² Dena Bank’s gross advances grew by 5.4% qoq/16.3% yoy, far below our expectation. As expected, the growth was largely driven by MSME segment (12.6% qoq/28.7% yoy). On the other hand, Corporate and Retail segments reported a single digit annual growth of 9.5% and 6.1% respectively. Healthy growth was witnessed in Agricultural lending (21.2%) during the year largely driven by Direct Agriculture segment (36.7% yoy). Deposits grew at a robust pace registering a growth of 14.5% qoq/26% yoy, much ahead of advances, resulting in steep decline in Credit/Deposit ratio (by 6ppt qoq to 68%). A substantial portion of this growth can be attributed to Retail TDs, given the fact that both CASA (28.8% in Q4 FY13) and Bulk Deposits’ (13% in Q4 FY13) share in total deposits has come down by 214bps and 600bps qoq respectively. Bulk Deposits’ share is expected to come down further in Q1 FY14. CASA mobilization has been challenging across the industry given the high TD rate environment and higher interest rate offered on savings balances by some of the peers (post deregulation). Anticipating a material decline in TD rates in the medium term, we expect revival in CASA growth in FY14-15. Management has guided credit and deposit growth of 16% and 18% respectively in FY14
² NIM declined by 42bps qoq to 2.46% in Q4 FY13 driven by fall in Yield on Funds (58bps qoq) higher than offset the decline in Cost of Funds (16bps qoq) and significant decrease in C/D ratio (6ppt qoq). Weak NII growth was led by interest reversal on NPAs and downward revision in base rate; together accounted for ~Rs620mn in Q4 FY13. Going forward, we expect NIM to remain stable anticipating stable asset quality and decline in lending yields (on account of interest rate down-cycle) being compensated by improved Cost of Funds (backed by healthy deposit profile).
² During the quarter, asset quality weakened marginally with GNPA ratio (2.19% in Q4 FY13) and NNPA ratio (1.39%) rising by 10bps and 8bps qoq respectively.
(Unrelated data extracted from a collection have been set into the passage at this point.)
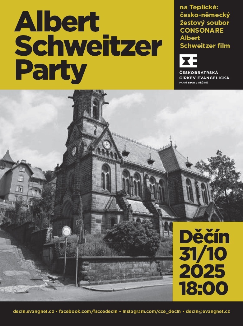 Zveme na již třetí ročník Albert Schweitzer Partym která se opět uskuteční v děčínském kostele na Teplické ulici. V pátek 31. listopadu 2025 od 18:00.
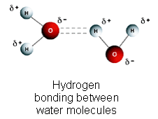 | Describe and explain the anomalous properties of H2O resulting from hydrogen bonding | Ice is less dense than water because the hydrogen bonds in the open lattice of ice holds the water molecules apart from each other. However, when it melts the rigid hydrogen bonds collapse allowing the water molecules to move closer together. Water has high melting and boiling points because of the stronger hydrogen bonds that add to the weaker Van der Waals forces. The hydrogen bonds must be overcome in order to separate the molecules. Hydrogen bonds also give water a higher surface tension and viscosity. |
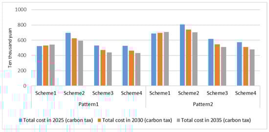 In the context of dual carbon goals, future energy consumption may be subject to carbon tax imposition. By 2030, the carbon tax could account for approximately 3% to 4% of the total cost, and by 2035, it may represent approximately 4% to 6% of the total cost. Furthermore, the carbon tax will have the most significant impact on Scenario 1, which solely relies on the grid electricity supply.

Delinquency ratio rose from 1.6% in Q3 FY13 to 2.5% in Q4 FY13. However higher recoveries, up-gradations and write-offs (aggregating Rs2.7bn compared to Rs1.7bn in Q4 FY12) barred the GNPAs from rising significantly. Of the total slippages of Rs4bn in Q4 FY13, MSME was major contributor accounting for 44% of the total delinquencies, followed by Corporate (20%), Agriculture (20%) and Retail (16%). Outstanding restructured advances stood at 8.2% (Rs54bn) of total advances, restructuring advances to the tune of Rs4.7bn during Q4 FY13; of these, two major accounts pertained to Iron & Steel (Rs1,170mn) and Power (Rs750mn) sector. In addition to Tamil Nadu Electricity Board (Rs5.4bn), other restructuring of Rs2.5-3bn is expected Q1 FY14. With stringent credit appraisal norms and effective credit monitoring system, we expect recoveries to pick up in FY14. With various initiatives taken by the management, recoveries are expected to be strong in the coming quarters. PCR declined marginally by 1ppt qoq to 69.6%, relatively better than its peers.
² Non-interest income posted robust growth of 63% qoq. However, on yoy basis it was lower at 11.9%. Operating expenses grew by 25.4% sequentially driven by wage revision. Resultantly, C/I ratio shot up by 8ppt qoq to 49.7% in Q4 FY13. Dena Bank is expecting capital infusion from GoI in the near future to support its funding requirement.
² We believe stringent credit monitoring system and focus on strengthening its deposit franchise is likely to drive an improvement in the operating performance in the coming quarters. Dena Bank is still better than its peers on multiple parameters – lower GNPA ratio, high PCR, lower bulk-deposits share vis-à-vis lower valuation of 0.5x FY15E P/adj.BV. Thereby, we maintain BUY rating with a target price of Rs105.